L’incidente. Questo è molto, molto bello. A un certo punto ti strappa il cuore e te lo rimette dentro. C’è il tradimento, il solito, c’è lei, perché noi vediamo le storie con gli occhi di una lei, e c’è un momento chiave, un incidente, un prima e un dopo che sono abissi diversi eppure, alla fine, ti viene da chiederti cosa sia cambiato. C’è la religione, qui, il credere o meno, anche, ma è un qualcosa di laterale.
La stagione dei tacchini. Volete ridere? Ero uscito a bere una birra alla sagra del tacchino, dove lavorava la donna, e poi okay, boh, fermiamoci ti aspetto ci mangiamo qualcosa e vado in macchina, e indovinate che racconto leggo? Questo. E rientro alla sagra dei tacchini sapendo tutto di come si sventra un tacchino e lo si fa a pezzetti… poi okay, il racconto parla di rapporti e questa volta, anche se con gli occhi di una donna, i protagonisti son anche gli uomini… 
Dulse, che poi sono delle alghe da masticare. Questo è quello che ho faticato un po’ a finire. Boh… un po’ meno denso di altri, con una protagonista un po’ allo sbando, soprattutto psicologicamente. Si cambia, nella vita, e qui si gioca molto a mostrare questo cambiamento. Gli uomini, anche qui, non ci fanno una gran figura. Un po’ lungo, questo, ecco forse il difetto.
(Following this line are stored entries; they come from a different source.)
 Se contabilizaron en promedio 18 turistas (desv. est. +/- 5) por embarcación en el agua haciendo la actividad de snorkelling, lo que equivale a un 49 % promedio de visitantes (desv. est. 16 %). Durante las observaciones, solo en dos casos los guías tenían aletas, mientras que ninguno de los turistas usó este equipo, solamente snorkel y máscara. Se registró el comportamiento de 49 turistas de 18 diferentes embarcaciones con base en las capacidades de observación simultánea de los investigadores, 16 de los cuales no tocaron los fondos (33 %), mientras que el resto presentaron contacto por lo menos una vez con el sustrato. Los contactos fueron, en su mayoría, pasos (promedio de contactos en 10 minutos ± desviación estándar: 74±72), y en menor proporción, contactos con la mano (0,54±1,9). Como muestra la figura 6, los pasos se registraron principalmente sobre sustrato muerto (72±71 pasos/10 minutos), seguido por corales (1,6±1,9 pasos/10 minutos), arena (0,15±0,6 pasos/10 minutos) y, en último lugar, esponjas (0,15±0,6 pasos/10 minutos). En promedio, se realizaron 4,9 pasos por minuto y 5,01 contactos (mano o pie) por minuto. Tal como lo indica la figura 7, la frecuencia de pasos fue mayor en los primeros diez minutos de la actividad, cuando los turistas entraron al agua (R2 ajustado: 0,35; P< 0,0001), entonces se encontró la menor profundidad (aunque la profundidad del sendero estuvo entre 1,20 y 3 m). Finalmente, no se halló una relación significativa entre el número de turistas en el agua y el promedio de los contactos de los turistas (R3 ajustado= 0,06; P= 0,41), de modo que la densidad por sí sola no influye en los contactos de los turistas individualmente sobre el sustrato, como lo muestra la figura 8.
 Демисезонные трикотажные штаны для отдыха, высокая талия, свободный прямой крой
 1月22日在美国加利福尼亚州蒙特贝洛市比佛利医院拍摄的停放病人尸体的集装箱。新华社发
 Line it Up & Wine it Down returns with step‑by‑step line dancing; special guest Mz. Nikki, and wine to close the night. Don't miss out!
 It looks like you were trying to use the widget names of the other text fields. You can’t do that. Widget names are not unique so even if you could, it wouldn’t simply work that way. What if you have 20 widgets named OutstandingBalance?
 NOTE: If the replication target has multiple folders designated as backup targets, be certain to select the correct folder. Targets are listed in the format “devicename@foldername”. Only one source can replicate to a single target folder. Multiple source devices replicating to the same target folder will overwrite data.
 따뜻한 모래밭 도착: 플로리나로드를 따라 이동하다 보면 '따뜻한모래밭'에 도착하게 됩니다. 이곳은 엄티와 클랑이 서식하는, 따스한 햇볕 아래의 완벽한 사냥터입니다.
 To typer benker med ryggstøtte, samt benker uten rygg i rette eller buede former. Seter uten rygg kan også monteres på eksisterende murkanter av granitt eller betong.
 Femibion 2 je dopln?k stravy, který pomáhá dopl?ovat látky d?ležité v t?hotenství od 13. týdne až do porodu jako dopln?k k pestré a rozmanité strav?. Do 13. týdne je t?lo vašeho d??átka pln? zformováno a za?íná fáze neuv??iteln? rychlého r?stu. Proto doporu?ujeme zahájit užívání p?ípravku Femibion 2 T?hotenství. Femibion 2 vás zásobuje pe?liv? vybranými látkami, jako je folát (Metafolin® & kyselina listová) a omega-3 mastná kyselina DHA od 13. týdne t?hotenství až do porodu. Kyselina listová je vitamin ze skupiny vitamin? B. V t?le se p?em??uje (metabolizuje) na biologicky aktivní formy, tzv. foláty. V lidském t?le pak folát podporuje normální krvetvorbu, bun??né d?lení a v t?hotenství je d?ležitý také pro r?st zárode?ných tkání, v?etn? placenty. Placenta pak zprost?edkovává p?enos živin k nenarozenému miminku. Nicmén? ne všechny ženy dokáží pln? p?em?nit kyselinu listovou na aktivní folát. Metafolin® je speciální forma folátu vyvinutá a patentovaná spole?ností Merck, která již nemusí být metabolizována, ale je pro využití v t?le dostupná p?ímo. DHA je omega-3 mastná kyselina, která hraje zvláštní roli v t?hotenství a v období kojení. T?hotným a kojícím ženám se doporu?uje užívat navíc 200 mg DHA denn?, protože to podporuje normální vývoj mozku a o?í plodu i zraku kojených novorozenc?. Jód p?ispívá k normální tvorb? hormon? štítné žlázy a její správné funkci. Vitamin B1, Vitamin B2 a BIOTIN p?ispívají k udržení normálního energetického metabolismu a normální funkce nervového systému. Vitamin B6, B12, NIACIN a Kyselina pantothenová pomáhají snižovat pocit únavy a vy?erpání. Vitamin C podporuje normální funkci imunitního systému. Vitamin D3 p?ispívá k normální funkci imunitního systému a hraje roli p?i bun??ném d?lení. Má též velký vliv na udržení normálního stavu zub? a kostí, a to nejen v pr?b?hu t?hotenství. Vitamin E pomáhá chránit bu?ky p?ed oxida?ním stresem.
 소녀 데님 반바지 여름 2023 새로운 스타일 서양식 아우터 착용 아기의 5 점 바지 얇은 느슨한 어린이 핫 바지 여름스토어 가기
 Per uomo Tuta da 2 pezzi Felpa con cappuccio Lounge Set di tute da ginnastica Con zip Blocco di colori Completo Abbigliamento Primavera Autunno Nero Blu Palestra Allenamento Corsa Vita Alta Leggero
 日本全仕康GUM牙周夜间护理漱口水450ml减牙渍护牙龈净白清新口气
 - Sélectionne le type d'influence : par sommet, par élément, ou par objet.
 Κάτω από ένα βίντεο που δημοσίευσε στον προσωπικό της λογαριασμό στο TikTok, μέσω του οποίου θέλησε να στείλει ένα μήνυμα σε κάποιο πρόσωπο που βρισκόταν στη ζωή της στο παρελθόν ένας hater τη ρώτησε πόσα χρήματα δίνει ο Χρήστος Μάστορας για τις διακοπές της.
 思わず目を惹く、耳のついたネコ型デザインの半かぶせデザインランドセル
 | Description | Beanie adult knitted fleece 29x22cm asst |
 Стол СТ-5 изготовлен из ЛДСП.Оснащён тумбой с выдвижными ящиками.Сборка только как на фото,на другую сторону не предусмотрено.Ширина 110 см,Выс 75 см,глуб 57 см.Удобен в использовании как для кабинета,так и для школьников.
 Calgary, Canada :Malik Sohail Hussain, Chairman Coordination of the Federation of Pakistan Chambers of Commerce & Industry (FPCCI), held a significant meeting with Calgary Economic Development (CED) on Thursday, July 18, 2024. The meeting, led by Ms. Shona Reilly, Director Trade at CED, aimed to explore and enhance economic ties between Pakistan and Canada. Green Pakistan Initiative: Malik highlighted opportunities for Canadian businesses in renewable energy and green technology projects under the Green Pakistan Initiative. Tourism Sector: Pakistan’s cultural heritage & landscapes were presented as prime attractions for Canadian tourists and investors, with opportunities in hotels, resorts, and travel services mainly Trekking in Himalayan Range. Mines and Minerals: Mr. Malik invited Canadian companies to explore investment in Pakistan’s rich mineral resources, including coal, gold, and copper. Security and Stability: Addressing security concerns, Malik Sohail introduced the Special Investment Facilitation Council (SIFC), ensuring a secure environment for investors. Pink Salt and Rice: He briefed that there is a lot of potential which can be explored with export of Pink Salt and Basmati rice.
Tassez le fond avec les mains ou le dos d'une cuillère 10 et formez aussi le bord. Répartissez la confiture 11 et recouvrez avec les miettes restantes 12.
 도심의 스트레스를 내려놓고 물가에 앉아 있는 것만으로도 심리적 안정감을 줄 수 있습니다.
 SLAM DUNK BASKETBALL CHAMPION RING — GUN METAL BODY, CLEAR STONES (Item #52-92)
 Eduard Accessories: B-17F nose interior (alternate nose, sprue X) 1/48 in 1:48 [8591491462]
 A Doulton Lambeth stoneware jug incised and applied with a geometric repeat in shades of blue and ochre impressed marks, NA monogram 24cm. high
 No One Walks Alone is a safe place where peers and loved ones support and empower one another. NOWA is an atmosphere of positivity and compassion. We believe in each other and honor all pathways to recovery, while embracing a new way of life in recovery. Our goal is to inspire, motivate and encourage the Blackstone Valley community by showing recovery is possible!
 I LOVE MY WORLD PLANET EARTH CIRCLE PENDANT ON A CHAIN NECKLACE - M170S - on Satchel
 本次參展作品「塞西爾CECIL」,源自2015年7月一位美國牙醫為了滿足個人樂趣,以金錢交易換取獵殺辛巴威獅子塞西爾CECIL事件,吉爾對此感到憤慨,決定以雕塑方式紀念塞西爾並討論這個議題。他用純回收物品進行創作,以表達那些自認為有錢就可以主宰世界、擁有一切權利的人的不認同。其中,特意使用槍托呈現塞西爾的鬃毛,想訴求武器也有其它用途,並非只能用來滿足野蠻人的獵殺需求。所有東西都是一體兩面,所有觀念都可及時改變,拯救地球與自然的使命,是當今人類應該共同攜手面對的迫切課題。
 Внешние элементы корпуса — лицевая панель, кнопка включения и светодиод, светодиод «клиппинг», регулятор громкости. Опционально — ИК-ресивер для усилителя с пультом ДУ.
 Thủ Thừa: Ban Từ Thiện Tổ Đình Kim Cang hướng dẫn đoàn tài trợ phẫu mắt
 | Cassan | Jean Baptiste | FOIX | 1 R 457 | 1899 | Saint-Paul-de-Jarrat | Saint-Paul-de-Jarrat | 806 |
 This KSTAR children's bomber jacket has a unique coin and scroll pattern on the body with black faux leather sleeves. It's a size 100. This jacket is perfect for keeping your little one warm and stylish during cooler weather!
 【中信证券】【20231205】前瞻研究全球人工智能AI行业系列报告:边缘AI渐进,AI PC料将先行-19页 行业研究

I Chaddeley e i Fleming è il racconto per cui ho cominciato dalla fine. Non digerivo il primo. E col senno di poi, confermo la scelata a mio avviso sbagliata di metterlo all’inizio. Non è brutto, ma tutti quei nomi ecc. rischia di stoppare la lettura. Il racconto è fatto di due parti, la prima è Agganci, che è quello così così; la seconda è Il sasso nel pascolo, che invece ho trovato molto bello. I personaggi sono sempre quelli di queste due famiglie, e sono persone davvero descritte alla perfezione, va detto.
E adesso?
Ho finito? No. C’è un sacco da dire, di questa qua e di questi racconti. Ma sarò breverrimo, promesso.
Vado per punti:

  • sono racconti che hanno dentro tantissimo Canada.
  • la Munro dice cose di te che sai, ma che non hai mai voluto ammettere a te stesso, e ci resti così male, perché spesso son cattivissime, che sorridi e vai avanti fingendo quasi di non averle lette;
  • sono storie scritte da chi ha vissuto tanto, lo si vede. parlo di età, si coglie che l’autrice ne sa molto, di se stessa e soprattutto degli altri.
  • C’è una profonda, profondissima visione della donna dal di dentro, dei pensieri, delle attenzioni, delle rinunce, delle ambizioni, del vivere quotidiano. Le donne di questi racconti, più che pianeti son galassie e chi legge è un satellite.
  • C’è anche tanta visione dell’uomo, del maschio, anzi. Però è una visione sempre filtrata, ma azzeccata. E ti chiedi, ma ci conosce davvero così bene, quella?
  • I legami umani e lo scorrere del tempo sono al centro di tutto. Indaga nei pensieri, la Munro, dentro le persone, nei loro tradimenti, nelle bugie e nelle verità. Indaga e ti apre sipari. 
  • Mi ha ricordato Carver, in qualche modo, anche se, alla fine, non c’entra niente con lui.
  • Scrive decisamente bene. Molto bene. Semplice, ma efficacissima. Melodica, potrei dire della sua scrittura.
Difetti? Boh… può non piacere. Alla fine non racconta una mazza, di trama. E se uno ha voglia di leggerla per poter dire di, può anche evitare, perché rischia di farsi travolgere dalla noia. Se invece apprezzate la buona letteratura, beh, sono bellissimi racconti che danno anche un grande contributo all’idea di narrativa breve. Non potresti mai vederne uscire un romanzo, da queste storie. Sono di quella misura, e sarebbe come cercare di allungare un grissino.